Beitrag von Helmes63 » 18.04.2019, 19:44

Sehr geehrte Forenfachleute,

... trotz kompakter Informationsangebote scheint es so zu sein, dass wichtige Verständnisfragen
zur Patientenverfügung noch mit Unsicherheiten behaftet sind.

a) Als Beispiel hierfür möchte ich anfügen, dass nicht wenige Bürger die Ansicht vertreten dass eine PV
ohne amtliche Beglaubigung rechtsunwirksam sind. Das geht m. W. aus den hierzu vorliegenden
Sachinformationen jedoch nicht hervor.

b) Unabhängig davon stellt sich für mich zudem auch die Frage was passiert wenn die notwendige
Aktualisierung einer PV vergessen wurde. Von der Logik her ist diese dann erst bei einer
erneuten Willenserklärung wieder rechtskräftig gültig.

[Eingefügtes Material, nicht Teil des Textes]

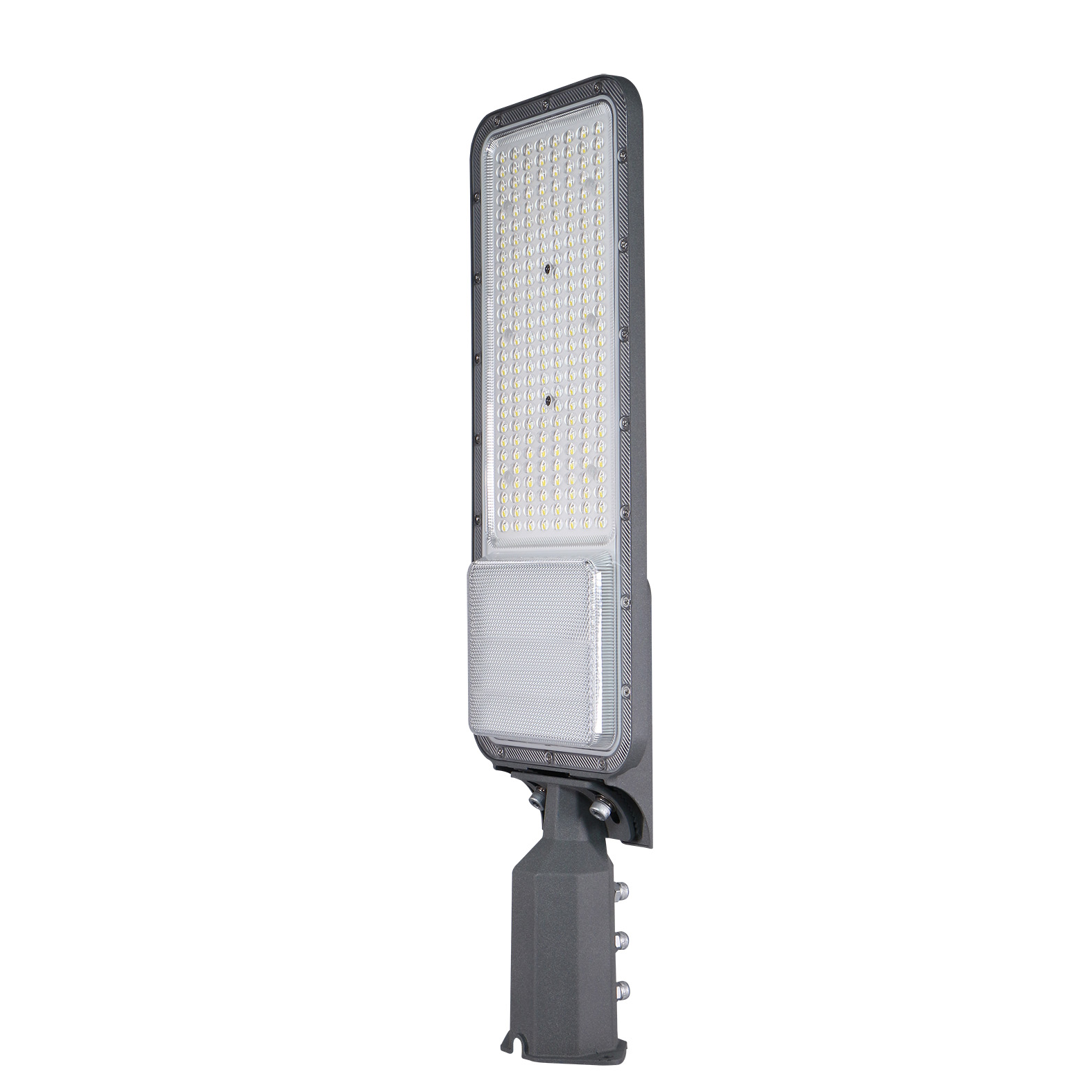 Questo lampione stradale a LED è un apparecchio di illuminazione professionale ad alta efficienza, progettato per la sostituzione dei vecchi sistemi di illuminazione stradale. Il corpo, realizzato in alluminio pressofuso, garantisce una lunga durata e un'elevata resistenza agli agenti atmosferici, con un grado di protezione IP65 che lo rende adatto per l'installazione in ambienti esterni.

c) unwirksame Willensbekundungen die medizinisch nicht umsetzbar sind dürften doch die
Rechtsgültigkeit der PV nicht beeinträchtigen - oder sehe ich das verkehrt ?!

d) Kann man seinen Willen auch durch eine abgeschlossene Vorsorge-Vollmacht beschränken,
wenn diese Vertrauensperson nach Patientenwillen für eine Interessenwahrung ausreicht ?

Diese Punkte zeigen meines Erachtens dass der zwang zu mehr Präzisierung als Auflage notwendig
ist. Eine PV ohne inhaltliche Umsetzungsfähigkeit ist sicherlich für einen Arzt ein echter Horror.